Task details —
Start with the line that holds "图 16 17 (AH0915017) 地块东部现状 (南-北)". Please copy it and each remaining line below exactly, leaving pictures out.

#### Data provided ####

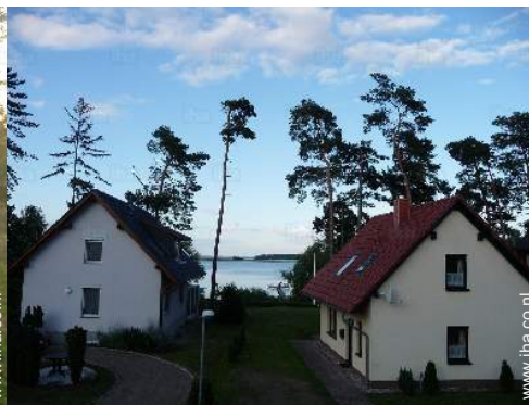
uitzicht vanuit de kamer
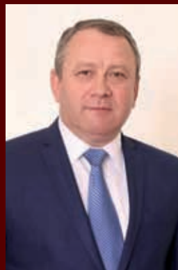
Аслан Барциц, кандидат в вице-президенты РА
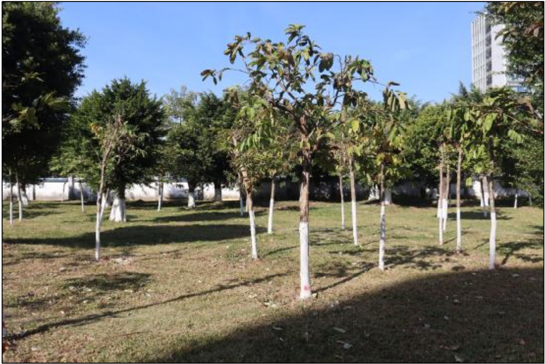
图 16 17 (AH0915017) 地块东部现状 (南-北)
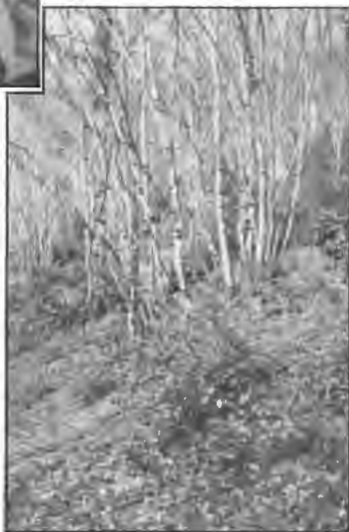
Le taillis de charmes et de houx, au mois de mars.
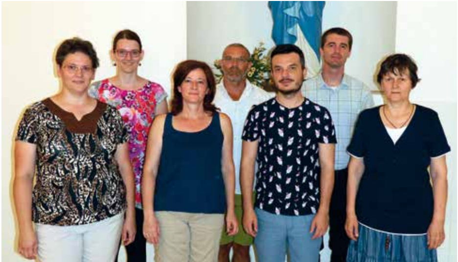
GLORIA DEI - HOMO VIVENS Bratislava, Σλοβακία / Slovakia
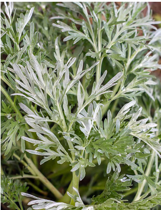
Foto: Malurt kan bl.a. bruges til snaps.
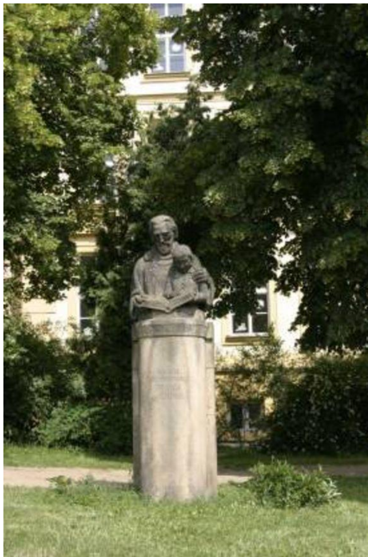
Památník Tomáše Štítneého v Olomouci ( http://www.olomouc-travel.cz/fotografie.php?lang=1&id=876&kategorie=220 , [22. 4. 2009])
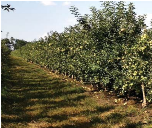
Figura 12. Livadă de măr înierbată

####

Response to this exercise —
图 16 17 (AH0915017) 地块东部现状 (南-北)
Le taillis de charmes et de houx, au mois de mars.
GLORIA DEI - HOMO VIVENS Bratislava, Σλοβακία / Slovakia
Foto: Malurt kan bl.a. bruges til snaps.
Památník Tomáše Štítneého v Olomouci ( http://www.olomouc-travel.cz/fotografie.php?lang=1&id=876&kategorie=220 , [22. 4. 2009])
Figura 12. Livadă de măr înierbată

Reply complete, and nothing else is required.